» **ABOUT THIS EXERCISE**:
Your output must be the lines below from the line containing "4W-stretch fabric with" to the line containing "This green velvet", both lines included, reproduced exactly and without pictures.

» **EXTRACTED INFORMATION**:
■ ■ ■ ■ ■
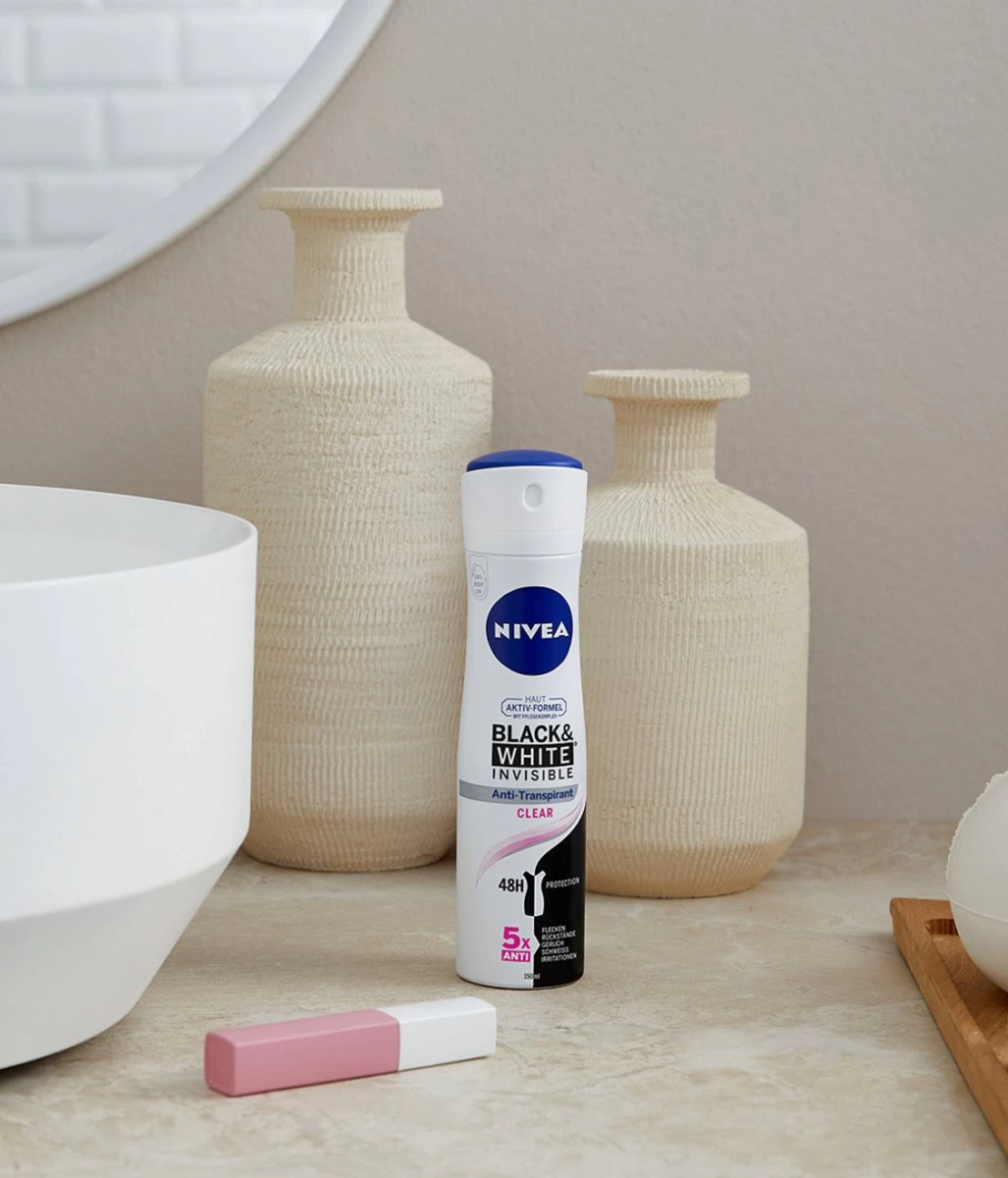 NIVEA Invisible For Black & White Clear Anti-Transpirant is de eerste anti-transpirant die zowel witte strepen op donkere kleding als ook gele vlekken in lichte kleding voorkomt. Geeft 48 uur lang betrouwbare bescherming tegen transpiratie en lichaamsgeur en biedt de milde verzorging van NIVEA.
■ ■ ■ ■ ■
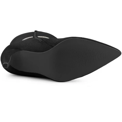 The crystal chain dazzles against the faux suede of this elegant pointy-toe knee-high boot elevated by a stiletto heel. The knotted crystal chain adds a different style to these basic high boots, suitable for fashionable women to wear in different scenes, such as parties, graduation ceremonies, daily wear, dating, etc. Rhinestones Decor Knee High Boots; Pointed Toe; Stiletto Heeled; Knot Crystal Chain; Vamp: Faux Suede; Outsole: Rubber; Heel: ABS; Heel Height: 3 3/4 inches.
■ ■ ■ ■ ■
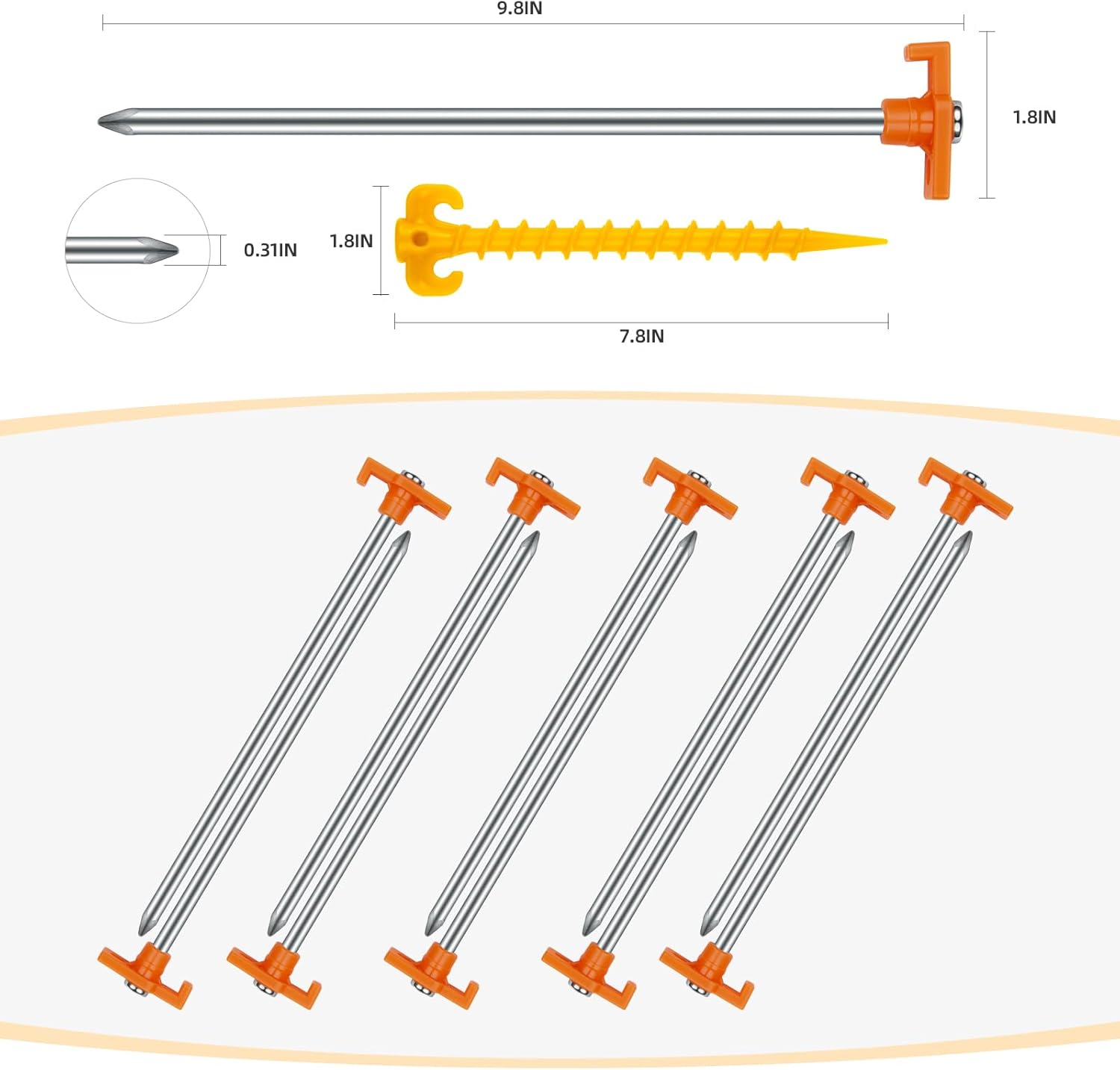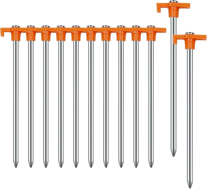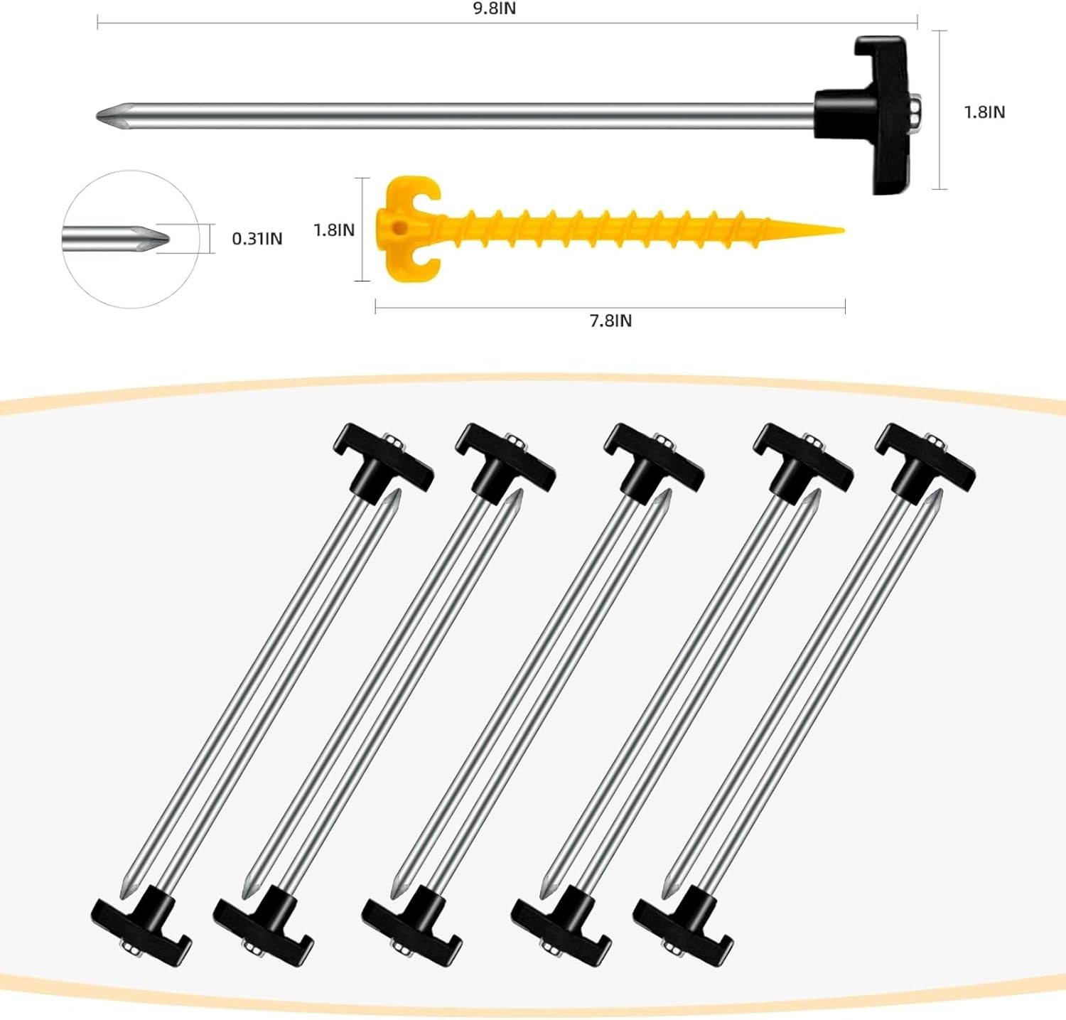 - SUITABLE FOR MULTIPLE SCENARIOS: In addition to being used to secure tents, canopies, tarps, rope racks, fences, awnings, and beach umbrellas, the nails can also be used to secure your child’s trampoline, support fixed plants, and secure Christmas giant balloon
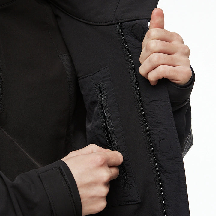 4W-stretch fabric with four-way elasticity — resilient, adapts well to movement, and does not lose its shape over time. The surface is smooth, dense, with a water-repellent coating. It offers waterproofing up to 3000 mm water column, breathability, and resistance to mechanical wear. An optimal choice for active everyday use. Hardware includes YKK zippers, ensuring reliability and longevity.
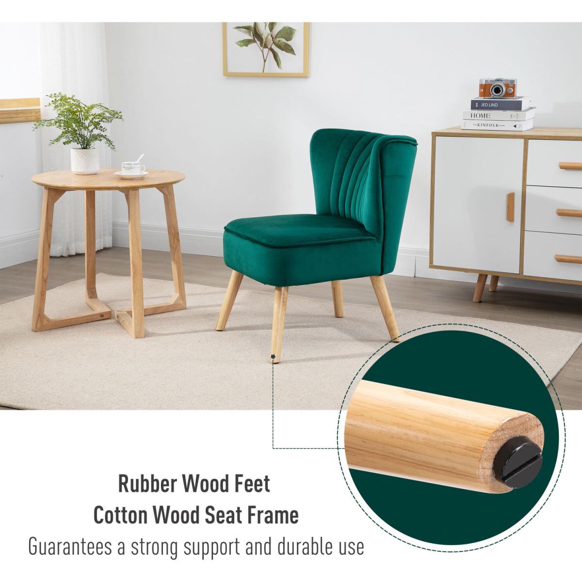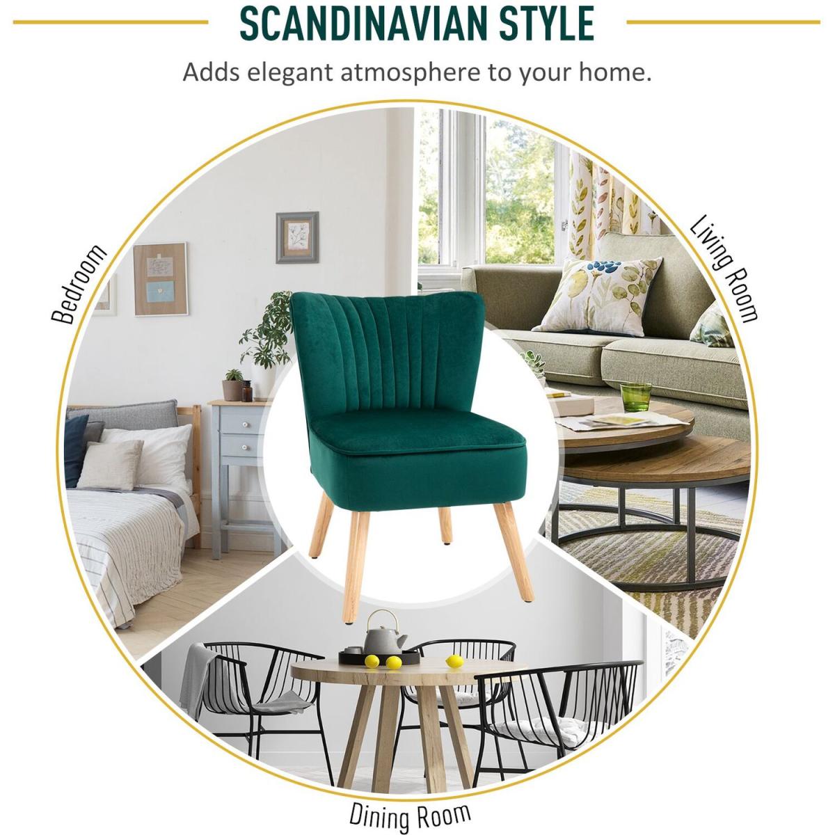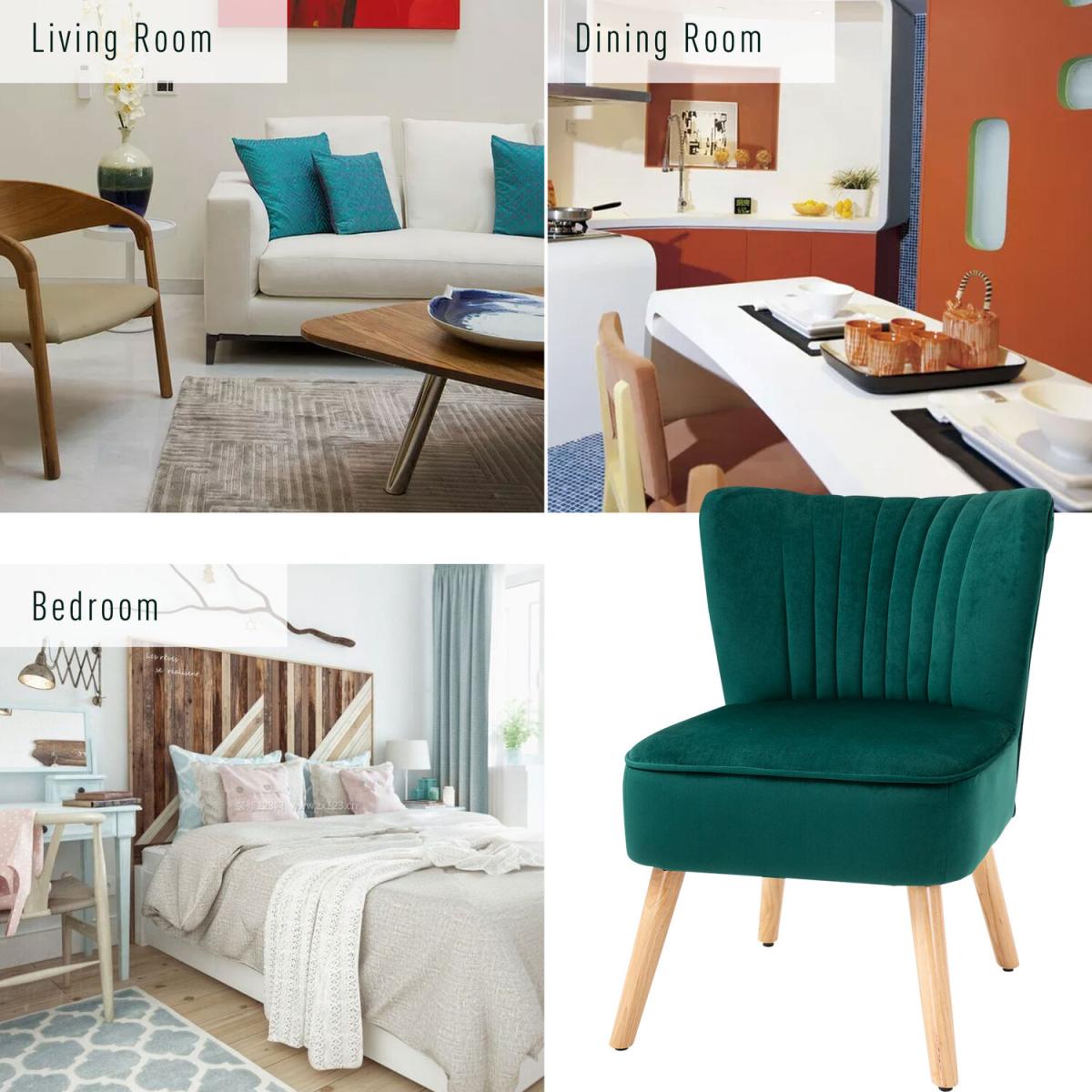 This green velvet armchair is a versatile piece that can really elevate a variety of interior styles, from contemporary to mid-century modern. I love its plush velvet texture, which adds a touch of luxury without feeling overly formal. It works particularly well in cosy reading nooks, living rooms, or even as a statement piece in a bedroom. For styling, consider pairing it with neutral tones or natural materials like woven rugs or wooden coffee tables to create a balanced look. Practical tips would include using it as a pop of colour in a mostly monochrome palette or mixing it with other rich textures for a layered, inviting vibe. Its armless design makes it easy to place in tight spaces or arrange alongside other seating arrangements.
■ ■ ■ ■ ■
» **SOLUTION TO THE EXERCISE**:
 4W-stretch fabric with four-way elasticity — resilient, adapts well to movement, and does not lose its shape over time. The surface is smooth, dense, with a water-repellent coating. It offers waterproofing up to 3000 mm water column, breathability, and resistance to mechanical wear. An optimal choice for active everyday use. Hardware includes YKK zippers, ensuring reliability and longevity.
 This green velvet armchair is a versatile piece that can really elevate a variety of interior styles, from contemporary to mid-century modern. I love its plush velvet texture, which adds a touch of luxury without feeling overly formal. It works particularly well in cosy reading nooks, living rooms, or even as a statement piece in a bedroom. For styling, consider pairing it with neutral tones or natural materials like woven rugs or wooden coffee tables to create a balanced look. Practical tips would include using it as a pop of colour in a mostly monochrome palette or mixing it with other rich textures for a layered, inviting vibe. Its armless design makes it easy to place in tight spaces or arrange alongside other seating arrangements.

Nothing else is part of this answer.